- _Exercise requirements_:
Beginning with the line containing "Figure 2.2 The", transcribe every line exactly down to the last one in the records below, and drop the pictures.

[Stored records]
──────────

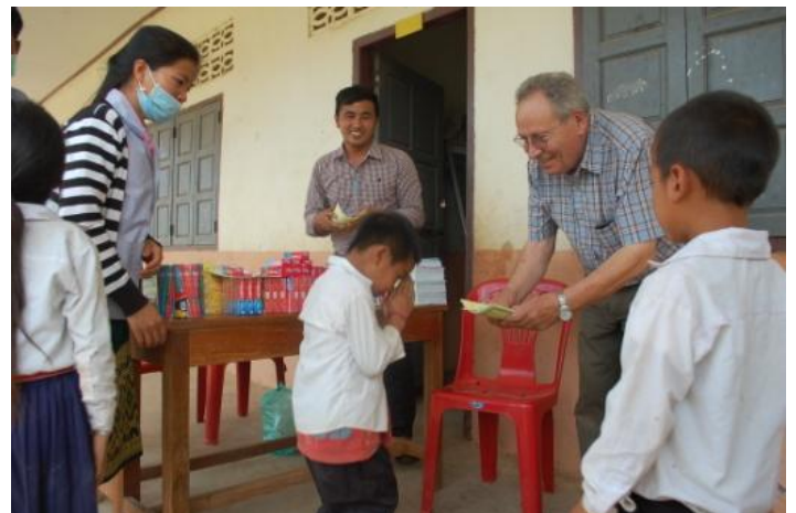
All children received fluoride varnish application with distribution of toothbrushes, toothpaste and educational supplies
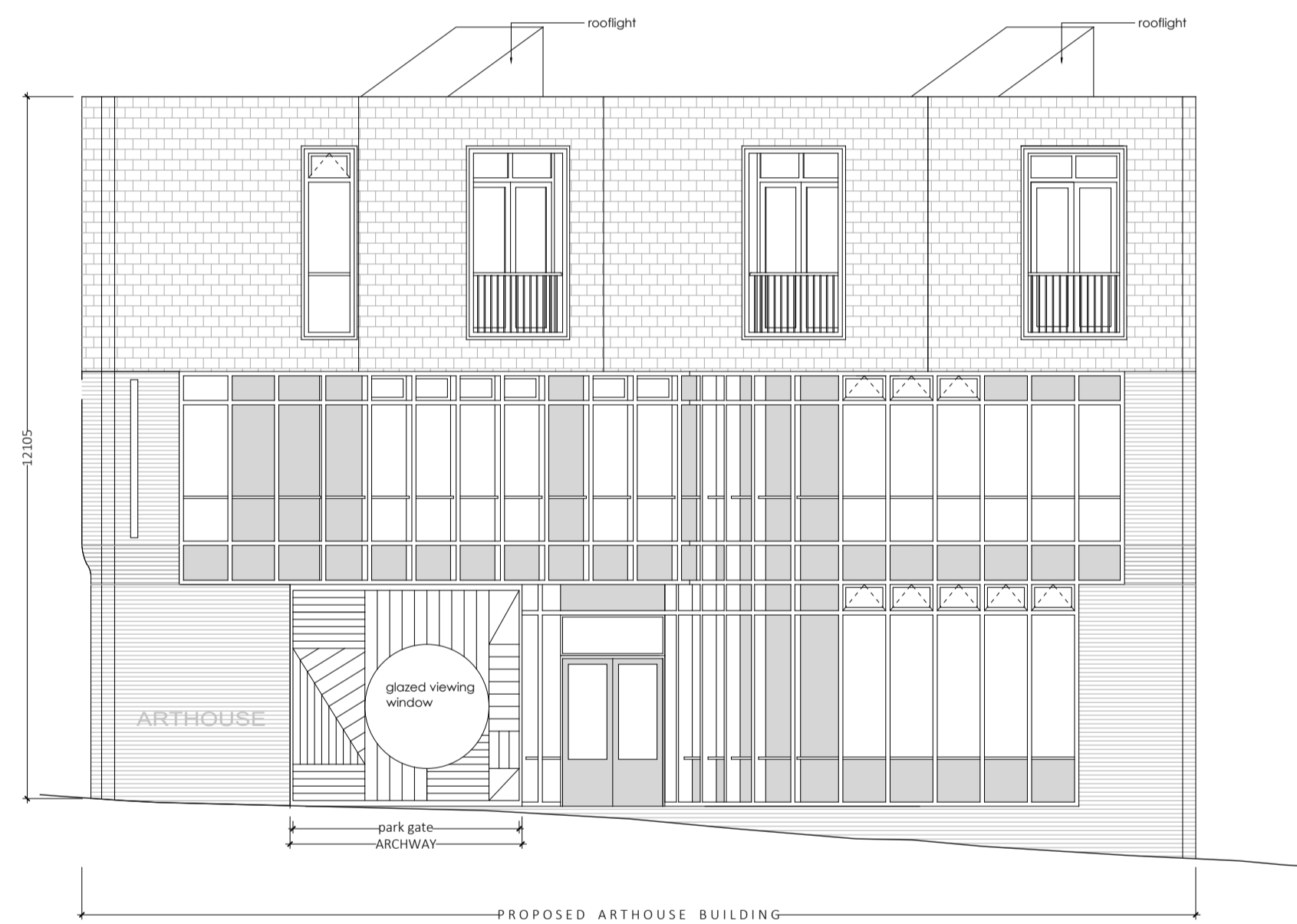
FRONT FACADE with park gate closed
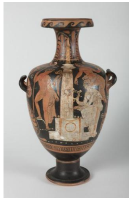
Title: Red-figure hydria (water jar) Date: c. 350-325 B.C.E. Primary Maker: Unknown artist, Greek (Ancient) Medium: Terracotta with slip and pigment
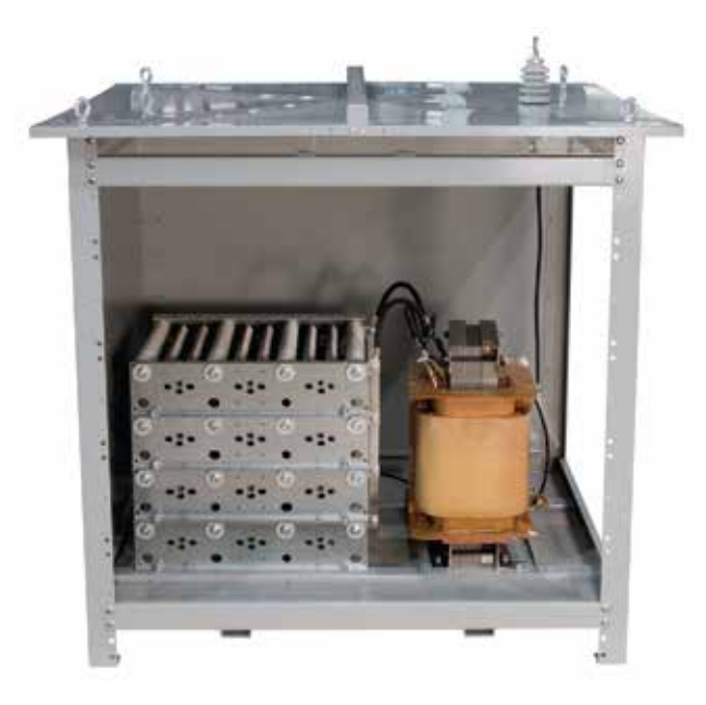
Post Glover 2400kV - 240V GTR with Stainless steel resistor banks and Type 3R powder coat painted enclosure

If the system has a neutral which is available, a single phase distribution transformer can be used in conjunction with a loading resistor to provide high resistance grounding. This is particularly well suited for grounding of generators, in that it allows the system to operate like an ungrounded system under normal conditions, while still retaining the ability to limit ground fault current. The primary of the transformer is connected from the system neutral to ground. The loading resistor is connected across the transformer secondary. The resistor is normally sized to allow a primary ground fault current in the range of 2 to 12 amps and is typically rated for either one minute or continuous duty. The transformer should be sized accordingly, with a primary rating equal to the system line to neutral voltage and the secondary normally rated 240 or 120 volts.
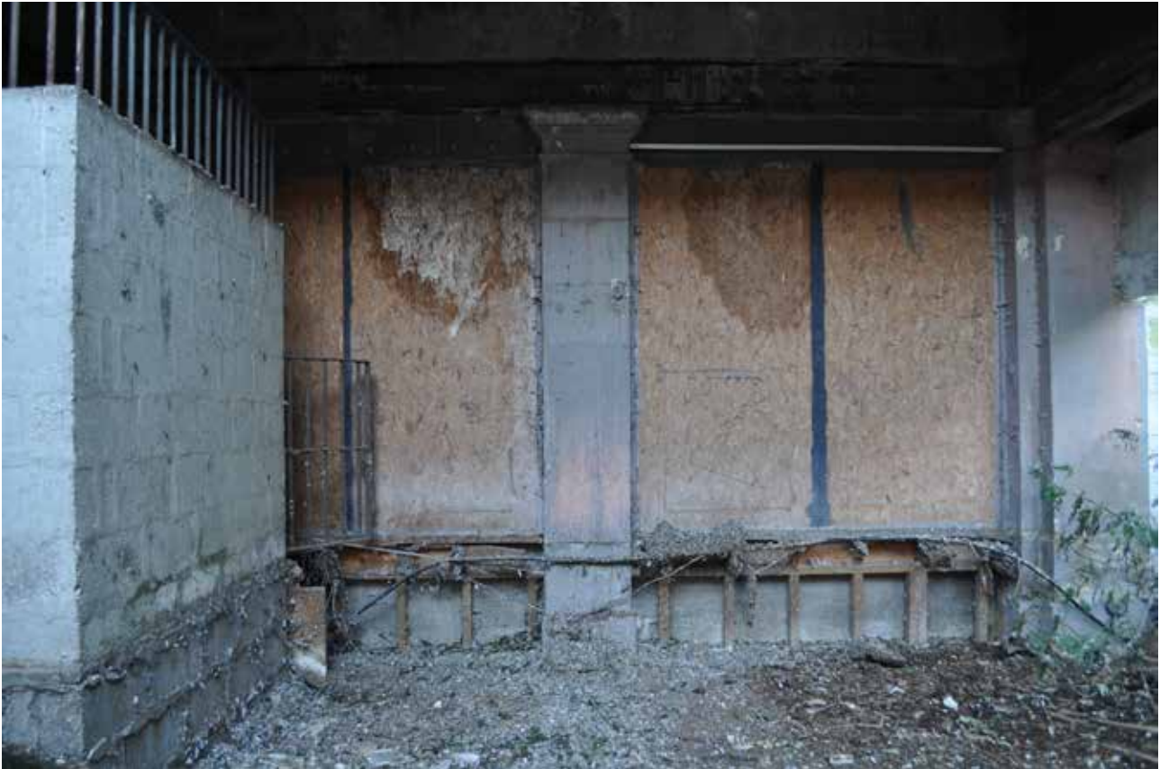
Plate 166: Building 4, Room 1/1, general view of NNW facing wall, looking SSE
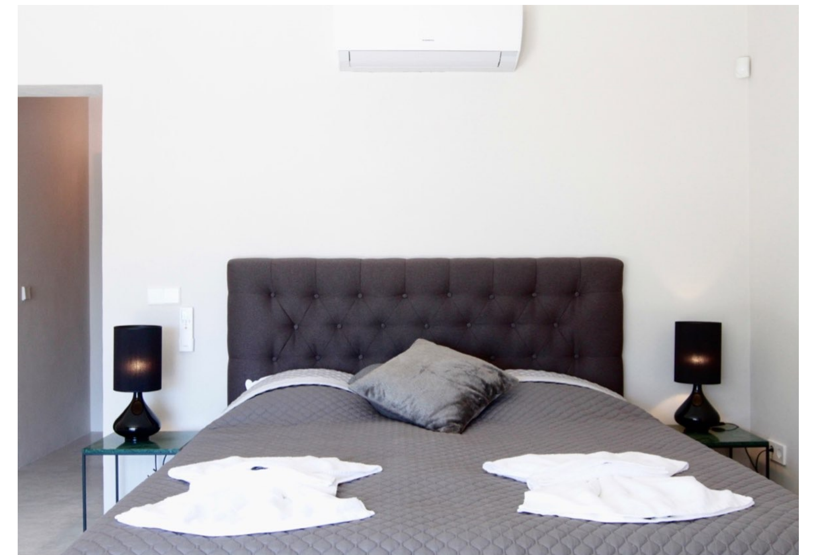
Villa Martinet - Cap Martinet
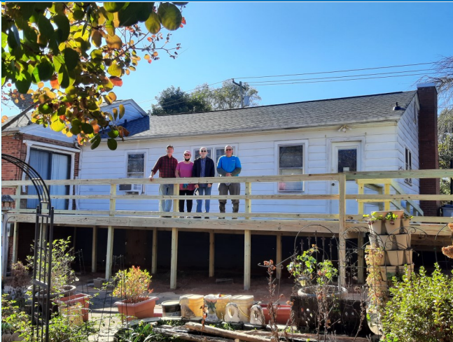
Caldwell Baptist Association ←
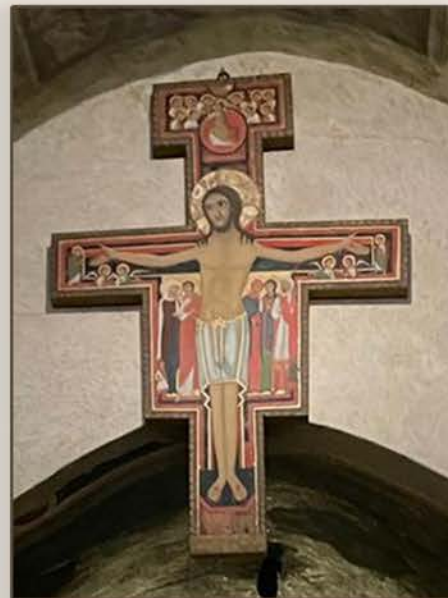
San Damiano Cross

"Chapel of the Nativity in Greccio located in a cave profoundly deepened my incarnational spirituality that influenced my theology teaching at XLI and prayer. Anointing of hands at San Damiano dormitory eventually called me to the healing ministry and led to new courses at XLI and offering workshops and retreats. St. Clare guided all my sessions on healing."
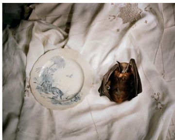
Fruit Bat with Plate, 2003
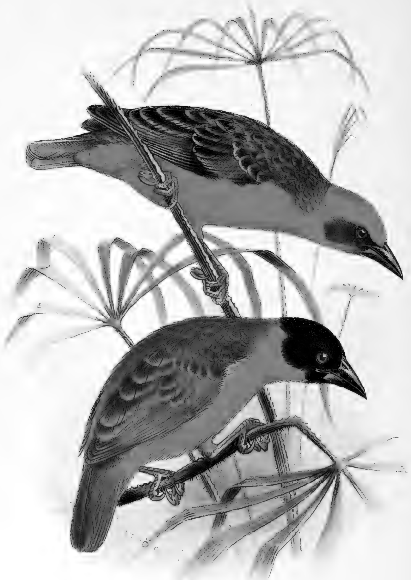
1. Karthechinus temporalis 2. Hyphantornis nyasæ
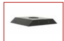
Accessory Cover for MOD-CPF Ceiling Plate
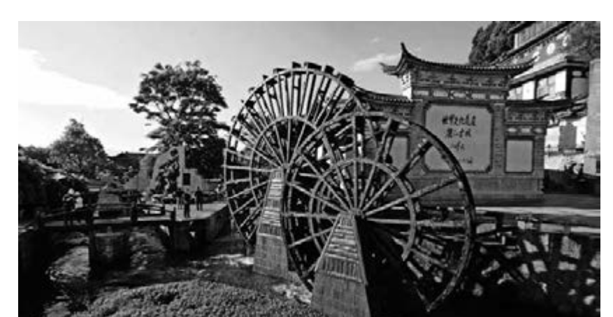
Figure 2.2 The newly built entrance to the Old Town of Lijiang
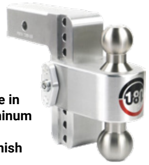
▶ Stainless Steel Tow Balls

Built-in Gauge not available w/ 180 Hitch
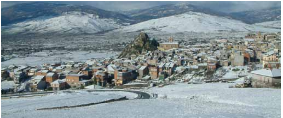
Maletto - view
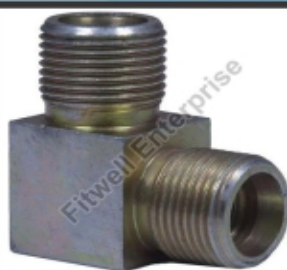
Mild Steel Hydraulic Elbow

──────────

- _Exercise solution_:
Figure 2.2 The newly built entrance to the Old Town of Lijiang
▶ Stainless Steel Tow Balls

Built-in Gauge not available w/ 180 Hitch
Maletto - view
Mild Steel Hydraulic Elbow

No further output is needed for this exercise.